One by one, friends and acquaintances receive a shoebox with cassettes. They hear a story about betrayal, abuse, rape - thirteen isolated incidents that made Hannah no longer strong.

The series has caused great concern among several suicide experts who fear a contagious effect, á la "Werther effect".

 

Many can identify with the main character

Eirin Eikefjord describes in a good way how the series thematizes issues that many young people can recognize themselves in, and which for young people can be perceived as overriding there and then.

And that is precisely why the main character may end up being an important role model for many young people who are struggling. Eikefjord writes:

Hannah Baker is a girl many young people can - and perhaps will - identify with. Treated unfairly. Well-meaning. Misunderstood.

She directs "the perfect suicide", and at the same time takes a cunning revenge on everyone who has treated her badly. In the series, suicide is glorified and presented as a smart, final solution.

 

The series violates all principles to avoid contagion

She also gives a very good point about how the media has worked to avoid the contagious effects of suicide. Eirin Eikefjord writes about the conditions at the angle of suicide that researchers warn against:

Romanticization. Identification. Focus on method. Sensational character. Presenting suicide as a solution.

"13 Reasons Why" sins against all this.

This is also elaborated by Anne Marita Milde, at RKBU West and the University of Bergen: 

The risk is reduced by presenting alternatives, but in the series the option is completely absent. Through harsh and dramatic means, suicide is presented as the only solution.

For vulnerable youth, this is extremely dangerous.

 

Presents suicide as a way to regain control

Many skeptics have had to admit that er something deeply problematic about the series "13 reasons why." Anne Marit Sletten tells in a post in Oppland Arbeiderblad that she herself was one of the skeptics that there was something in the criticism that has come against the series. She tells:

After all the suicides among young people in Lillehammer and Trondheim, I sat down and watched the Netflix series "13 reasons why". I wanted to see what made professionals believe that it inspires young people to take their own lives.

Despite her skepticism, she had to admit that something was amiss when she saw the series. But what? She tells:

The creator of the series has placed the drama on the outside of Hannah - with those who in various ways offended her. It is thus the feelings that suicide triggers in others, and the power she gains over them after her death, which is the series' driving force. Together with Hannah's strong narrator's voice, we are served a story in which suicide is simply a way to regain control.

That is problematic, concludes Anne Marie Sletten.

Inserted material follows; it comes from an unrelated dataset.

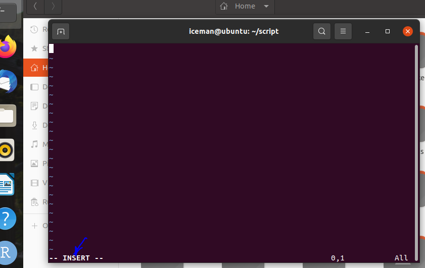 Now, press insert key on your keyboard. For your laptop, it seems the 0-key or ins is the insert key of your keyboard. After pressing it, insert mode will be activated in the create script in the linux terminal. Then, the insert mode will be activated on the terminal and you can see it in the end of your script as shown:

It's probably as wrong as it can get. As if taking your own life is a method you can use to get others to listen and understand. As if suicide is not primarily about a terribly lonely drama inside the main character. 

But Hannah is both listened to and understood. She gets in a sense the ultimate revenge. If one then disregards the fact that she is dead, which - quite objectively - after all is worst for her.

 

- Counterweight and nuances are needed

The conclusion in the above-mentioned post by Eirin Eikefjord is thought-provoking. She writes:

What is needed when "13 Reasons Why" allows itself to smoothly simplify an important societal problem is counterbalance and nuances.

When Netflix gives young people 13 reasons to commit suicide, someone has to tell why they should not.

She adds that the positive side of the story may be that the series will force us - society, parents, school, aid, friends, media - to talk more openly about over 500 people taking their lives in this country every year, and why it happens.

Here it can probably also be added that it seems to be high time that mental health seriously becomes a topic in school.